From the line with "上午9:00,各营迈着铿锵的" to the line with "接下来,孟庆玉老师重点分享了", retype each line exactly as it stands in the records below, but skip the pictures.

§ **Task data**:
┌──
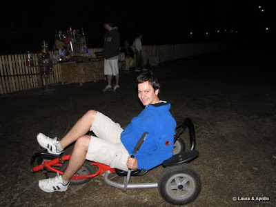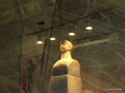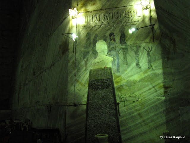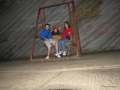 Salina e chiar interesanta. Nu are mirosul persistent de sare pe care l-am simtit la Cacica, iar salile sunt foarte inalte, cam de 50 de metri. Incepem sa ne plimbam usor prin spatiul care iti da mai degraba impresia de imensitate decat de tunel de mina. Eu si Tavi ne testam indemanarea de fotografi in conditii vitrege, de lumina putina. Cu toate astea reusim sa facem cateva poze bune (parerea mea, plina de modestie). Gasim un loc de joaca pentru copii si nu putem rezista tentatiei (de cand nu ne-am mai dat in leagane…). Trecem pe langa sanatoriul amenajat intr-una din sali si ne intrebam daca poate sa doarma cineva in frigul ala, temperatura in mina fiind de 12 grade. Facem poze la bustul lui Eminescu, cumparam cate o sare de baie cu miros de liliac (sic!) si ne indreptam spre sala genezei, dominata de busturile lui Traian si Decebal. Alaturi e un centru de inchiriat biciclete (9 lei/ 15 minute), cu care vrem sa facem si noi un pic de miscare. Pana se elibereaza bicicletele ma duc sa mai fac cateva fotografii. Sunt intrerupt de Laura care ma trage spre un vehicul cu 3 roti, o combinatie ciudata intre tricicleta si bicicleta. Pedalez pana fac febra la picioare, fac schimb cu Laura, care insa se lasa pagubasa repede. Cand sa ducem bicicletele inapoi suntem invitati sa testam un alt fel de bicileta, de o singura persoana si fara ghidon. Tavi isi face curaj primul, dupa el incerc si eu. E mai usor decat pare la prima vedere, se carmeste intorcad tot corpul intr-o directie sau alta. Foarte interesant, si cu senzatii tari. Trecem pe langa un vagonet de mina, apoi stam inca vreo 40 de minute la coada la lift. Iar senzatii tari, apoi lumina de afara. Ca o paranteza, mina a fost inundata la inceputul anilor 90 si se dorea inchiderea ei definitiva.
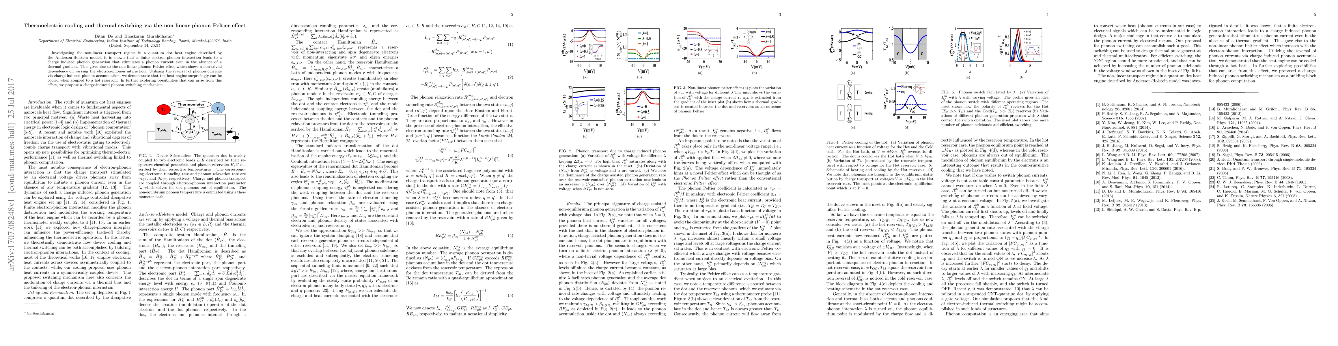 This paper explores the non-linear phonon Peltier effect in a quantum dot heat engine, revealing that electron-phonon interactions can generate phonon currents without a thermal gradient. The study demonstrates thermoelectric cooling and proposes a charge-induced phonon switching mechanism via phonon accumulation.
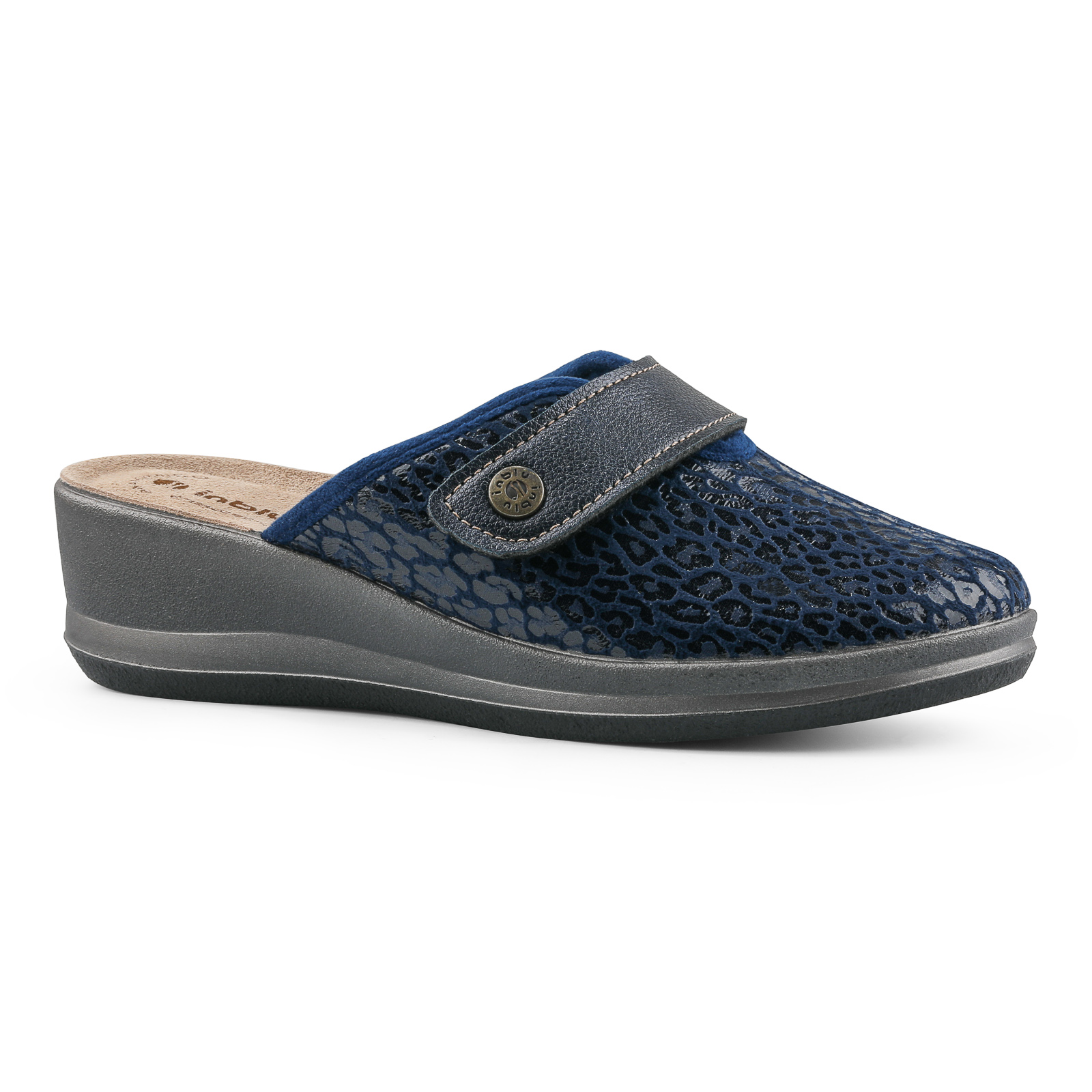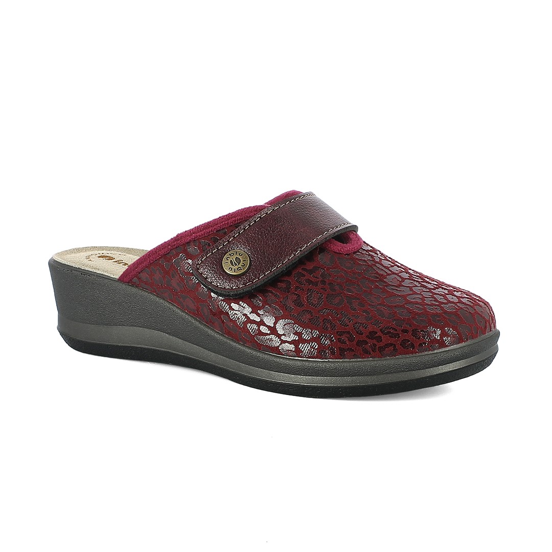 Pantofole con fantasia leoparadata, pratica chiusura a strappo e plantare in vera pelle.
└──
┌──
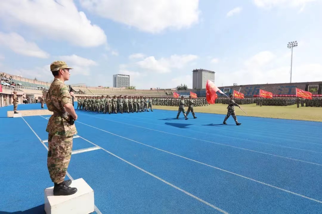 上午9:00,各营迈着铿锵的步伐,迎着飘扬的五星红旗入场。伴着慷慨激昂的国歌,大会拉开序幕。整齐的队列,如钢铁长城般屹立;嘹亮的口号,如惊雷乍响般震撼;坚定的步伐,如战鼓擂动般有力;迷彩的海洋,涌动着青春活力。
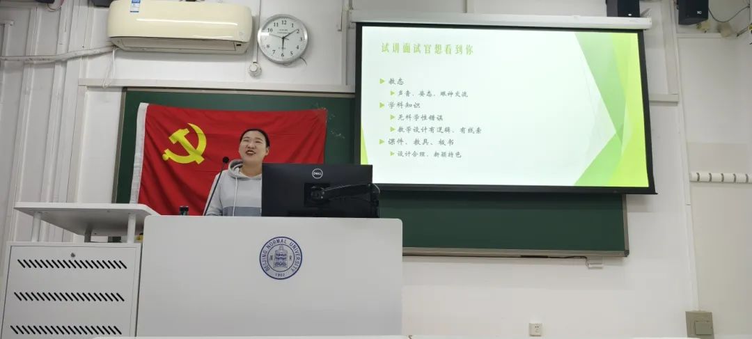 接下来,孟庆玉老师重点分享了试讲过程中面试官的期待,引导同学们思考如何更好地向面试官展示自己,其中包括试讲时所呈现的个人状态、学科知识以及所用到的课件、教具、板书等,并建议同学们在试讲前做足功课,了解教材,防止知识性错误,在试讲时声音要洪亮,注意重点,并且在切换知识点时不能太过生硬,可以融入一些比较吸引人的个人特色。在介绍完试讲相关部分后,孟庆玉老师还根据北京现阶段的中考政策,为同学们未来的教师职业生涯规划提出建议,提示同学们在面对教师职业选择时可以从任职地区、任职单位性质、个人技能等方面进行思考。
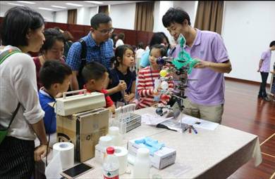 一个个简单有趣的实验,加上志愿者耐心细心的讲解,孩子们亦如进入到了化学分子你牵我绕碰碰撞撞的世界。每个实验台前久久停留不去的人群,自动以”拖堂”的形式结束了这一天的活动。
└──
§ **The completed task**:
 上午9:00,各营迈着铿锵的步伐,迎着飘扬的五星红旗入场。伴着慷慨激昂的国歌,大会拉开序幕。整齐的队列,如钢铁长城般屹立;嘹亮的口号,如惊雷乍响般震撼;坚定的步伐,如战鼓擂动般有力;迷彩的海洋,涌动着青春活力。
 接下来,孟庆玉老师重点分享了试讲过程中面试官的期待,引导同学们思考如何更好地向面试官展示自己,其中包括试讲时所呈现的个人状态、学科知识以及所用到的课件、教具、板书等,并建议同学们在试讲前做足功课,了解教材,防止知识性错误,在试讲时声音要洪亮,注意重点,并且在切换知识点时不能太过生硬,可以融入一些比较吸引人的个人特色。在介绍完试讲相关部分后,孟庆玉老师还根据北京现阶段的中考政策,为同学们未来的教师职业生涯规划提出建议,提示同学们在面对教师职业选择时可以从任职地区、任职单位性质、个人技能等方面进行思考。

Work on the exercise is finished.